Rio de Janeiro, 30 de Janeiro de 2026

Governo reconhece pagamento de indenização à família de Lamarca

Quarta, 13 de Junho de 2007 às 18:43, por: CdB

O guerrilheiro Carlos Lamarca, a viúva Maria e os filhos César e Cláudia Pavan Lamarca foram anistiados, por unanimidade, pela Comissão de Anistia do Ministério da Justiça, numa sessão especial de julgamento, nesta quarta-feira, em Brasília. Capitão do Exército, Lamarca tornou-se um dos comandantes da organização Vanguarda Popular Revolucionária, que participou da luta armada contra a ditadura militar. Lamarca foi morto por tropas do Exército no interior da Bahia, em 1971.

Pela decisão, além da pensão, a viúva e os dois filhos vão receber uma indenização de R$ 100 mil cada um. A indenização pretende reparar os danos causados pelo exílio político, no período de 1969 a 1979, quando Maria, César e Cláudia foram impedidos de voltar ao país.

A comissão manteve a decisão do Supremo Tribunal de Justiça (STJ) de assegurar a progressão da carreira de Lamarca a coronel.
 
- A única coisa que aconteceu foi a aplicação da legislação que assegura aos militares com mais de 30 anos de carreira que eles possam receber proventos um posto acima daquele posto que eles efetivamente se aposentaram -, afirmou o presidente da comissão, Paulo Abrão.

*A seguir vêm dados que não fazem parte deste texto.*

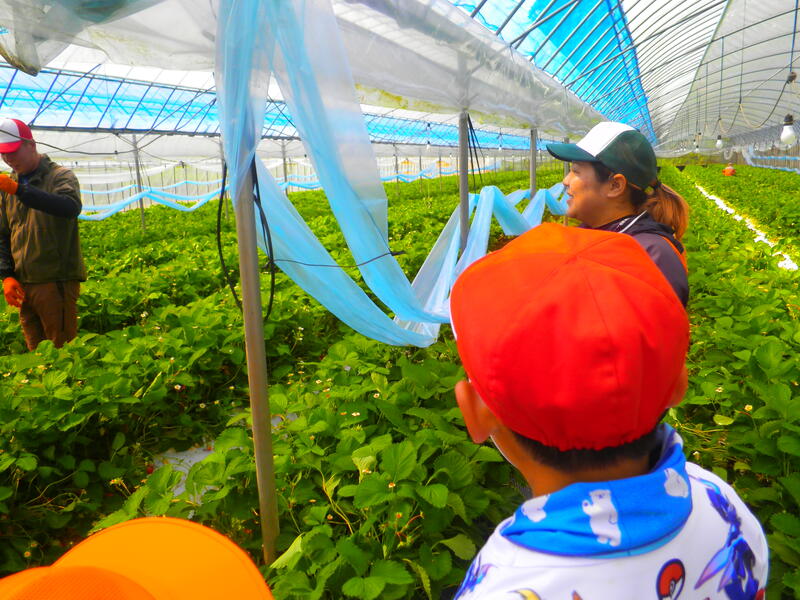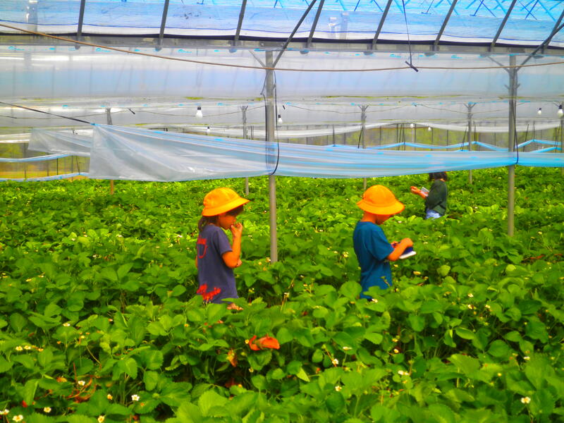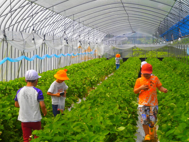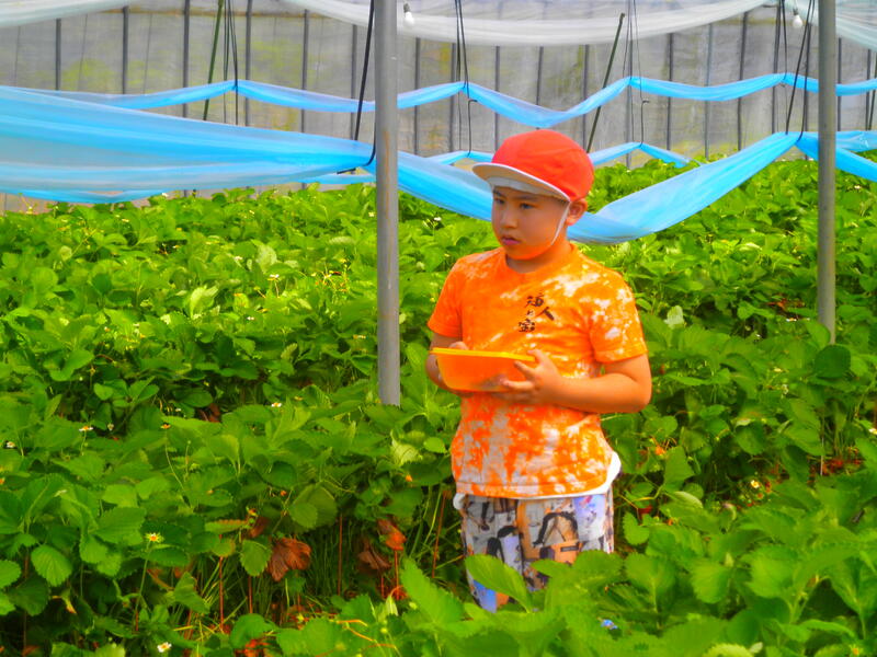 本日、1・2年生でいちごがりに行きました。德満一華さん、月人さんのいちご畑に行きました。德満さんのご厚意で、いちごをたくさんいただきました。まず、お父さんから、いちごを育てる仕事についてお話を聞きました。子どもたちは興味深くお話を聞いていました。次に、収穫の仕方を教えていただきました。それから、収穫しました。とりたてのいちごは甘くてとてもおいしかったそうです。子どもたちはもっていったタッパにいちごを持って帰り、家族へのお土産もいただきました。学校にもたくさんのいちごをいただきました。甘くておいしいプレゼント!本当にありがとうございました。
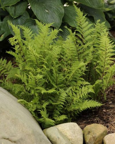 Fougère à feuilles caduques, aux frondes vert pâle. Elle produit des sporanges d’abord noirâtres, puis jaune-vert et enfin brun rouille, le long des tiges des feuilles fertiles.
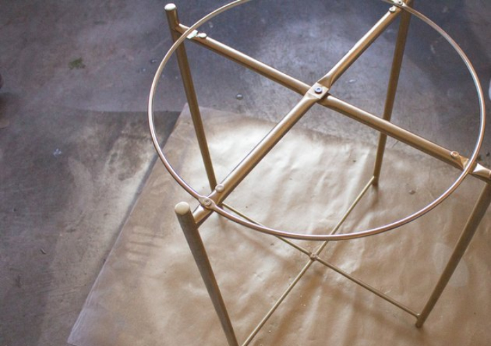 Ahora aplicamos la pintura dorada en spray a la estructura metálica. Quizás tendrás que dar dos manos de pintura.
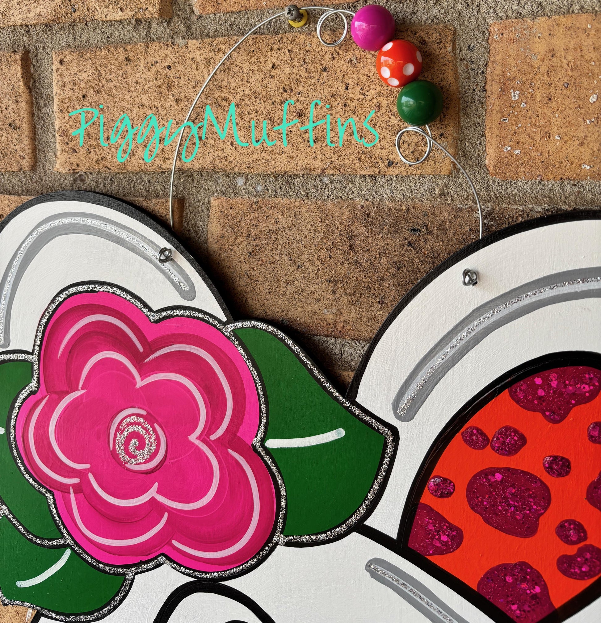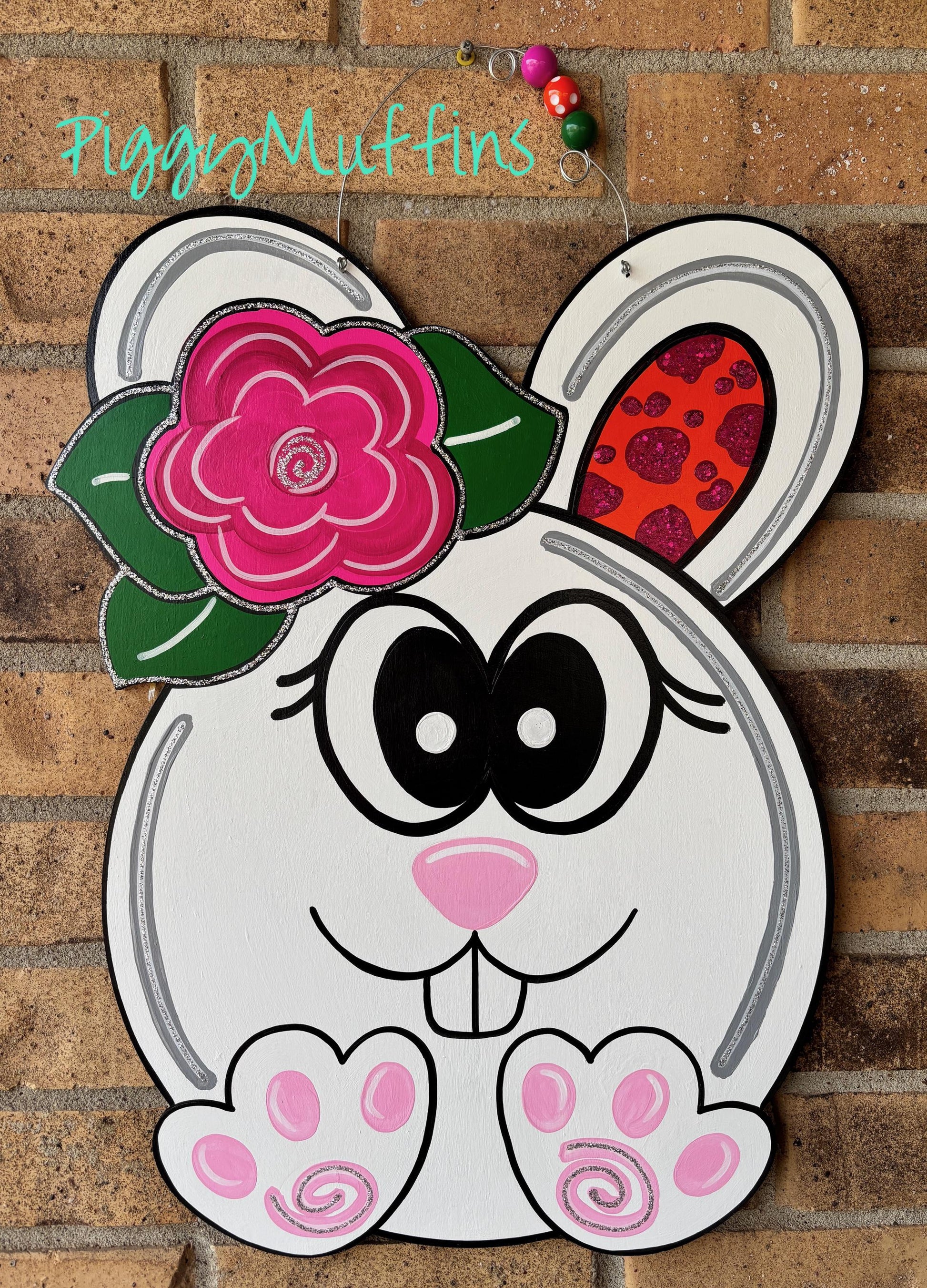 SHIPS TODAY! Welcome spring with this adorable bunny door hanger by PiggyMuffins! This Easter Bunny Door Hanger measures approximately 22 inches in length and 22 inches in width. This sign is cut out of 1/4 inch board, sanded and painted with acrylic paint and accented with polyester glitter. It is sealed with a clear protective coating that prevents chipping, peeling, fading, or yellowing. It includes a sturdy wire hanger and coordinating and is ready to hang when delivered.

De acordo com o ministério, é preciso esperar um prazo de 30 dias, caso alguém entre com recurso contra a decisão. Depois, os processos seguem para o setor de finalização da Comissão. Em seguida, o ministro da Justiça, Tarso Genro, assina a portaria.

A filha do guerrilheiro esteve presente à sessão.
 
- É com muito honra que estou presente nesta reunião para resgatar, mais uma vez, a memória do Lamarca e reconhecer que houve excessos e erros -, disse.

Cláudia salientou que seu pai tinha duas opções na sua vida como ser humano.
 
- A primeira era seguir na sua carreira, que com certeza seria de sucesso e a outra seria lutar pelos seus ideais e ele optou em seguir seus ideais -, afirmou.

De acordo com o ministério, a meta é julgar, até 2010, todos os 30 mil processos sobre o assunto. Criada em 2001, a Comissão de Anistia do Ministério da Justiça já julgou cerca de 29 mil processos.